DETAILED DESCRIPTION
[0022] The following detailed description of the exemplary
embodiments refers to the accompanying drawings. The same reference
numbers in different drawings identify the same or similar
elements. Also, the following detailed description does not limit
the invention. Instead, the scope of the invention is defined by
the appended claims.
[0023] According to exemplary embodiments it is desirable to
provide mechanisms and methods that improve the efficiency of
passive optical networks (PON). In order to provide some context
for this discussion, an exemplary Gigabit-capable PON (GPON) is
shown in FIG. 1. While a GPON is used as the basis of discussion
herein, other types of PONs, e.g., Ethernet PONs (EPONs) and
Broadband PONs (BPONs), could benefit from the exemplary
embodiments described below with minor variations as would be
understood by one skilled in the art.
[0024] According to exemplary embodiments, GPON 100 in FIG. 1 shows
elements of an optical distribution network (ODN) that interact
with various endpoints of optical network units (ONUs). As shown in
FIG. 1, one or more service providers or types 102 can be in
communication with an optical line termination (OLT) 104, which is
typically located in a central office (CO) (not shown). The OLT 104
provides the network side interface and is typically in
communication with at least one ONU 112, 118 (or an optical network
termination (ONT) which performs similar functions as an ONU).
These service providers 102 can provide a variety of services such
as video-on-demand or high definition television (HDTV), Voice over
IP (VoIP) and high speed internet access (HSIA). The OLT 104
transmits information to multiplexer 106 which multiplexes the data
and transmits the data optically to a passive combiner/splitter
108. The passive combiner/splitter 108 then splits the signal and
transmits it to the upstream multiplexers 110 and 116. The
multiplexers 110 and 116 demultiplex the signal and forward it on
to their respective ONUs 112 and 118. The multiplexers (108, 110
and 116) are typically integrated into both the OLT and the ONUs
and are used for aggregating and extracting the upstream and
downstream wavelengths.
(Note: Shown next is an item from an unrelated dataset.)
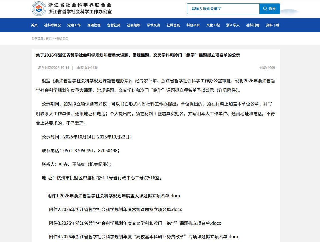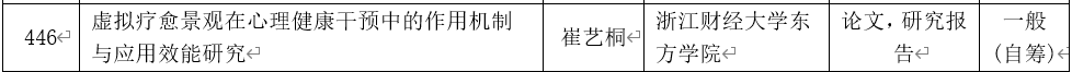 近日,2026年浙江省哲学社会科学规划年度重大课题、常规课题、交叉学科和冷门“绝学”课题拟立项名单已公示结束。我院教师崔艺桐主持的课题《虚拟疗愈景观在心理健康干预中的作用机制与应用效能研究》获立常规课题。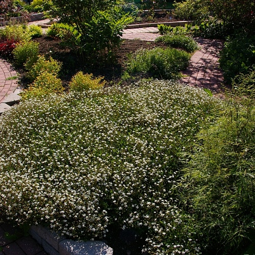 Саженцы Лапчатки трёхзубчатой Нуук (Nuuk) – это олицетворение чувственной нежности белоснежных облаков. Вечнозелёный кустарник станет центром внимания на вашем садовом участке. Густые кроны разрастаются в ширину на 50 см, а в высоту около всего лишь на 20 см. Крупномер устойчив к зною летом и холоду зимой. Начинает цвести сорт Нуук в июне, а заканчивает к сентябрю. Белые цветки вырастают до 1 см в диаметре. Осенью кустарник облачается в насыщенные бронзовые и бордовые тона. Отличительные черты Нуук:

The ONUs 112 and 118 then forward the
information onto their respective end users (EU) 114, 120 and 122,
e.g., devices such as a computer, a television, etc.
[0025] It will be understood by those skilled in the art that this
purely illustrative GPON 100 can be implemented in various ways,
e.g., with modifications where different functions are combined or
performed in a different manner. For example the multiplexers (108,
110 and 116) typically are duplexers, but if an additional signal
is being transmitted, e.g., a cable-television signal in a GPON
100, they can act as triplexers. Additionally in the upstream
direction, the optical signal would typically have a different
wavelength from the downstream signal and use the same multiplexers
106, 110 and 116, which have bidirectional capabilities.
[0026] FIG. 2 shows upstream and downstream data flow for GPON 100.
In the upstream direction, a bandwidth map is used in the GPON 100
to describe when ONUs 202 and 206 are allowed to transmit upstream
data in granted or allocated time-slots on their optical
wavelength(s). This means that ONUs 202, 206 transmit in a burst
mode at their allotted time slots, as compared to a 125 .mu.s long
frame 212 in the downstream direction from the OLT 210. Since the
ONUs 202, 206 are located at different distances from the OLT 210,
the ONUs 202, 206 are informed by the OLT 210 when, and with what
power, to transmit their respective bursts so that the ONUs signals
are arriving in an aligned time structure at the OLT 210.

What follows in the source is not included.